Por eso empezó el operativo silencioso para aislarlo. O, más precisamente, para aislar a Karina de las consecuencias políticas del escándalo. Ahí aparece la idea que ya circula entre operadores libertarios, sectores del PRO y funcionarios nacionales: “Javier bueno, Karina mala”. Una cirugía política extremadamente delicada porque implica separar al Presidente de la persona que controla cada resorte de su administración.
El problema es que Milei no parece dispuesto a hacerlo. Al contrario. Desde Estados Unidos salió personalmente a blindar a Adorni, actuando casi como vocero de su propio vocero. Una escena institucionalmente extraña, pero reveladora. El Presidente defendiendo con desesperación a un funcionario cuestionado mientras parte de su gabinete intenta convencerlo de que el costo político ya es demasiado alto.
La interna mete presión
En esa interna, Patricia Bullrich empezó a jugar un papel decisivo. La ministra es la única dirigente libertaria con volumen político propio, estructura mediática y capacidad real de desafiar el mando karinista. No le pide permiso a Karina para moverse, habla directo con Milei y empezó a instalar una presión pública cada vez menos disimulada sobre Adorni.

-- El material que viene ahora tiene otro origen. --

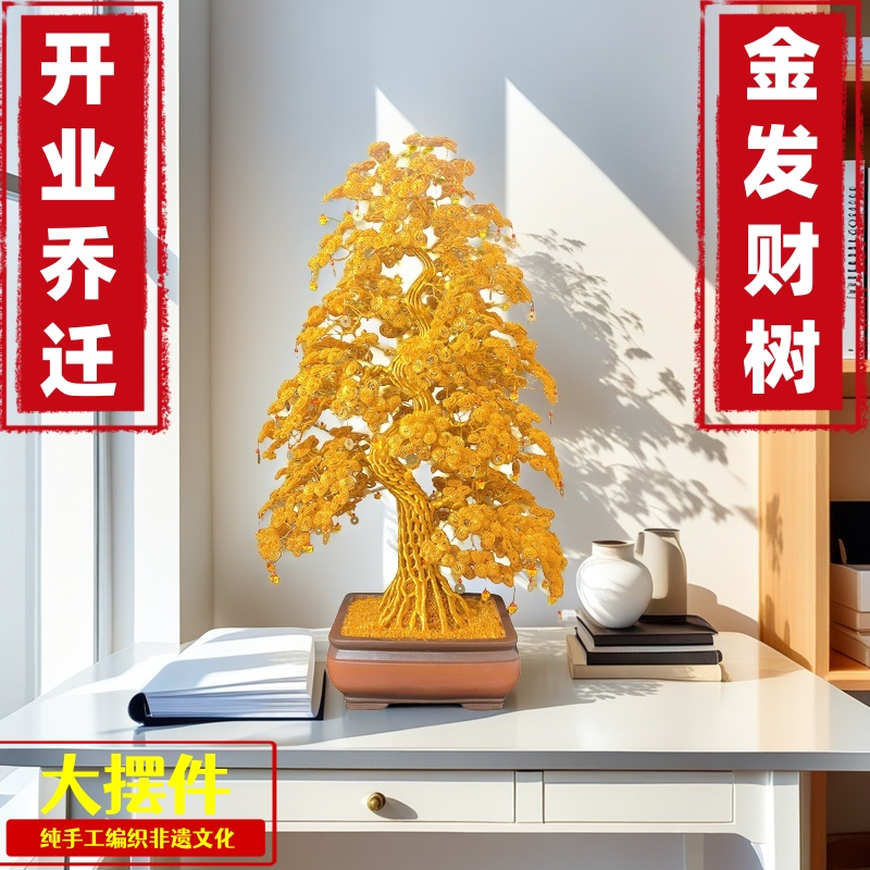 高端豪华发财树办公室装饰品现代简约开业乔迁招财风水商务礼品

Su ultimátum para que presente la declaración jurada fue leído dentro del oficialismo como una declaración de guerra. Más aún porque Bullrich viene acumulando señales de autonomía: reuniones internacionales, contactos con Mauricio Macri y una agenda política cada vez más propia. En la lógica libertaria, donde cualquier movimiento independiente se considera traición, eso equivale a un misil interno.
Santiago Caputo observa el escenario con una mezcla de prudencia y oportunidad. Su disputa histórica con Karina por el control del Gobierno nunca desapareció. Solamente estaba contenida. Ahora encuentra nuevos aliados circunstanciales entre funcionarios agotados por la dinámica cerrada del karinismo.
El dato más inquietante para la Casa Rosada es que el malestar ya llegó al círculo económico. Luis Caputo comenzó a advertir que el ruido político amenaza con contaminar el activo más sensible del Gobierno: la confianza financiera. En otras palabras, la crisis dejó de ser solamente moral o mediática. Empieza a convertirse en riesgo económico.
Mientras tanto, Adorni queda cada vez más encapsulado. Ya no participa de reuniones importantes con gobernadores. Fue corrido de encuentros políticos estratégicos y reemplazado por figuras menos tóxicas electoralmente. Nadie lo dice en público, pero el mensaje interno es evidente: hay dirigentes que todavía sirven para construir poder y otros que empezaron a espantar votos.
Lo más paradójico es que el Gobierno que construyó su identidad alrededor de la pureza moral y la batalla contra “la casta” terminó atrapado en una lógica clásica de supervivencia política. Blindajes, operaciones internas, fugas silenciosas y ministros calculando cuánto tiempo más conviene sostener al herido.
En el fondo, la crisis de Adorni ya dejó de tratarse de Adorni. Lo que está en discusión es quién manda realmente en el Gobierno y cuánto poder conserva Karina Milei para seguir ordenando una administración que empieza a mostrar síntomas de fatiga. Porque cuando los gobernadores piden que escondan a un funcionario y los ministros murmuran que “así no se puede seguir”, el problema ya no es una denuncia judicial. El problema es que el miedo empieza a cambiar de bando.